А на пении? Петренко потянул невпопад, и учительница только взглянула на него строго, ничего не сказав. А попробовал потянуть Лёня Галкин, ну и всё! — учительница вывела его к себе и заставила петь одного. Пол-урока солировал.
Вообще на Лёню все нападают — в школе учителя, дома мать и соседка, да и другие жильцы во дворе. Пробежал не там — и бельё на верёвке запачкал (головой, что ли?). Крикнул громко под чужими окнами — и кого-то разбудил… Ну, никуда не повернись!

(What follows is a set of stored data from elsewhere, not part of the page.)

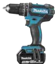
DHP482ZJ LXT 18 V
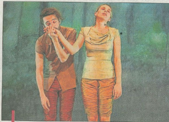
La pièce "La dispute", c'est ce soir à la salle polyvalente.
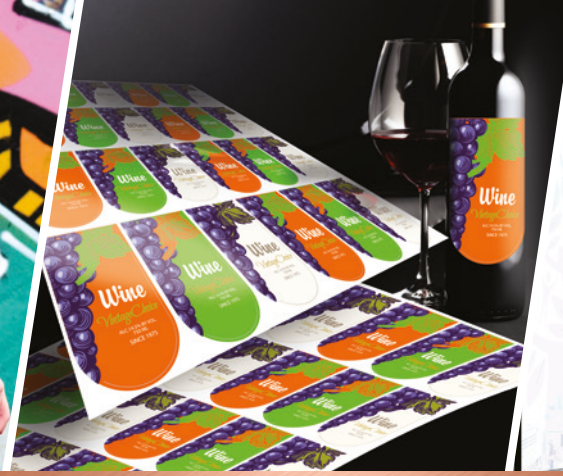
KONTUR KESME ETİKETLERİ
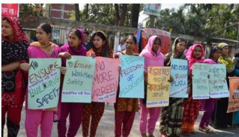
1908 in New York, 2014 in Dacca, arbeidsters uit de textielsector betogen voor betere werkomstandigheden.

А сейчас собралась над головой сплошная чёрная туча — и замечания учителей, и двойка по истории, прогул и провал с коллекцией, обман из-за прогула, и, наконец, вторая двойка сегодня — по ботанике. Варвара Самсоновна никаких объяснений слушать обычно не желает: знаешь урок — отвечай, не знаешь — садись! Ну, Лёня и сел, потому что даже двух слов не мог сказать о самом обыкновенном зелёном огурце. Сколько раз его ел с аппетитом и хрустом, а вот какой у огурцов период развития, да как их окучивают, да что такое придаточные корни — не задумывался ни разу! Хорошо ещё, что не спросил сегодня и Павел Степанович по алгебре — была бы третья двоечка…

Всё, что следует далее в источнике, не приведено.